# I thought I was seeing things



## Drew Willemsen (Sep 29, 2003)

While putting on some miles scouting for goose hunting fields I came upon a flock of about 2-3 dozen honkers in a plowed stubble field. When I took a closer look I first thought they were decoys because I saw something standing in the middle of them. I grabbed my binocs to see a big doe standing *directly* in the middle of the flock of geese, she was surrounded by them. I was amazed, I have never seen this or ever heard of it. Has anyone seen anything like this or anything else really wierd while scouting?


----------



## djleye (Nov 14, 2002)

I have had deer and other animals run through our decoys in the morning but never seen them standing feeding together!!


----------



## Bob Kellam (Apr 8, 2004)

I wonder where I can get a honker costume for deer season?


----------



## mbitz (Sep 2, 2003)

Or a deer costume for goose season  :withstupid:


----------



## fishhook (Aug 29, 2002)

or a goose costume for goose season :wink:


----------



## Marlo (Oct 9, 2004)

Heh!

New bow tactic, a couple dozen goose decoys, field blind and still steaming doe estrus!

dd:


----------



## mallardhunter (May 15, 2004)

Last Saturday I seen about 100 geese in a corn field and there were deer right beside them. I was thinking I could wear a deer costume and sneek up on the geese.


----------



## WhakGreenie03 (Feb 20, 2004)

looks like cowing was a fad and deering is a now in!!!!LOL


----------



## zettler (Sep 7, 2002)

WhakGreenie03 said:


> looks like cowing was a fad and deering is a now in!!!!LOL


And Deer Decoys are readily available - dual purpose - decoys and targets.
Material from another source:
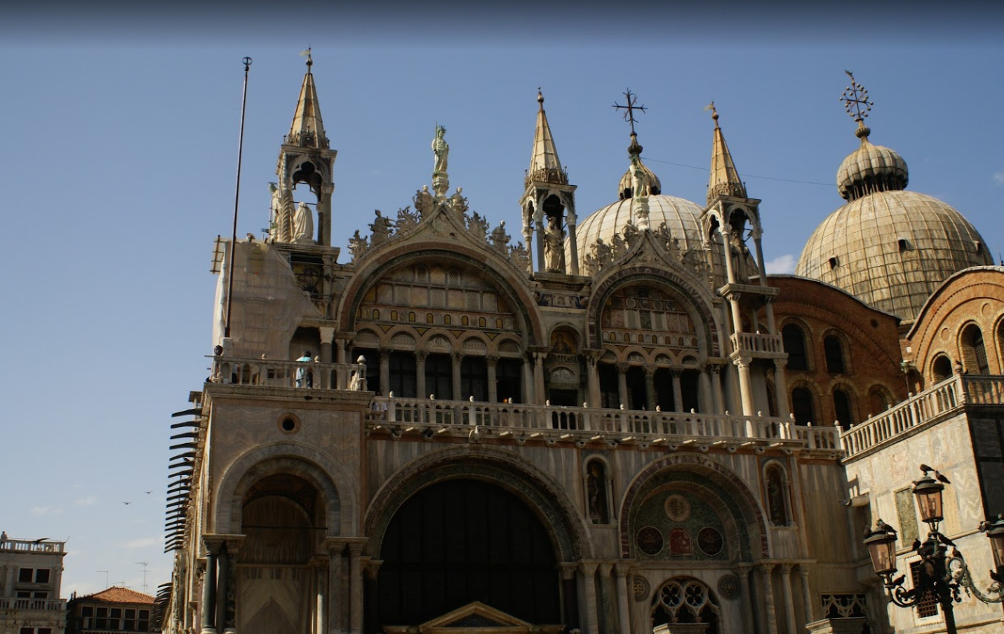 금으로 장식된 정교한 모장이크와 거대한 돔 형식의 산 무르코 성당은

Just DO NOT USE during Deer Season! :sniper:


----------



## WhakGreenie03 (Feb 20, 2004)

i have a silo deer decoy. Might have to try that this weekend for some jumps. Wouldnt wanna be sitten by the decoy during rifle, but would like to watch all these road hunters slam on their brakes when they see it!! That decoy wouldnt last 2 min on a reservation!!!!!!! LOL Those who live and hunt by one know what im talking about.


----------



## Ryan_Todd (Apr 11, 2004)

smalls we should have left your pronghorn "confidence" decoy up on the opener after all. :beer:


----------



## Marlo (Oct 9, 2004)

Ryan_Todd said:


> smalls we should have left your pronghorn "confidence" decoy up on the opener after all. :beer:


What the hell is a pronghorn? a goat?

You guys hunt farms?

:drunk:


----------



## Ryan_Todd (Apr 11, 2004)

> What the hell is a pronghorn? a goat?


more commonly know as an antelope or speed goat. :beer:


----------



## Bob Kellam (Apr 8, 2004)

It is a Pronghorn Antelope, AKA: "Speed Goat" One of these days I am going to find one that is about to die of old age and then maybe I will be able to hit it with my bow.  

Fast Goats!! really fast!


----------



## Ryan_Todd (Apr 11, 2004)

bob i've heard that if you can hit them with a bow, they don't go very far. :beer:


----------



## WhakGreenie03 (Feb 20, 2004)

they dont. Doesnt take long even with a poor placed shot. One of my buddies whacked one and 50 yards with a middle placed shot was all it could take.


----------



## duxnbux (Feb 25, 2002)

On days when the shooting was slow I have seen deer skirt the decoys and also had a coyote try to work the spread on another occasion


----------



## Bob Kellam (Apr 8, 2004)

Oh Great! I just got the deer costume down now I have to get a Coyote one too


----------



## djleye (Nov 14, 2002)

Bob, Just make sure you take off the deer costume when the mountain lion comes in!!!!!


----------



## Ronald (Oct 15, 2004)

"Entirely unique on this planet, the Pronghorn's scientific name, Antilocapra americana, means "American antelope goat." But the deer-like Pronghorn is neither antelope nor goat."

- Desert Usa (source)


----------



## Remmi_&amp;_I (Dec 2, 2003)

Sad thing is, I can actually picture some of you guys doing this! Absolutely Hilarious! :rollin:


----------



## Drew Willemsen (Sep 29, 2003)

Can I get a buck costume? Or do they just have doe's? :lol:


----------



## Bob Kellam (Apr 8, 2004)

Whew,  You guys wouldn't believe how hard it is for a fat guy to get in and out of a Coyote costume


----------



## njsimonson (Sep 24, 2002)

Marlo said:


> Ryan_Todd said:
> 
> 
> > smalls we should have left your pronghorn "confidence" decoy up on the opener after all. :beer:
> ...


You can tell Marlo ain't from 'round here! Welcome!


----------



## djleye (Nov 14, 2002)

I love that name..................."speed goat"!!!!!


----------



## mallard (Mar 27, 2002)

A few years back,I was goose hunting ,and my brother in law and his dad were deer hunting with buck tags.I seen way more bucks walking through the decoys than they did.I also had a coyote come up to my spread on duck opener.He got a dose of steel BBs. :sniper:


----------



## dakotashooter2 (Oct 31, 2003)

This has got me thinking about using my turkey decoys when bowhunting deer. Saw a fake rock ant Menards yesterday and the wheels started turning.

I prefer "Desert Ghost".


----------



## Chris Schulz (Sep 7, 2004)

man thats weird drew i think i saw the exact same thing that night too! where were you scouting? your still a poser!


----------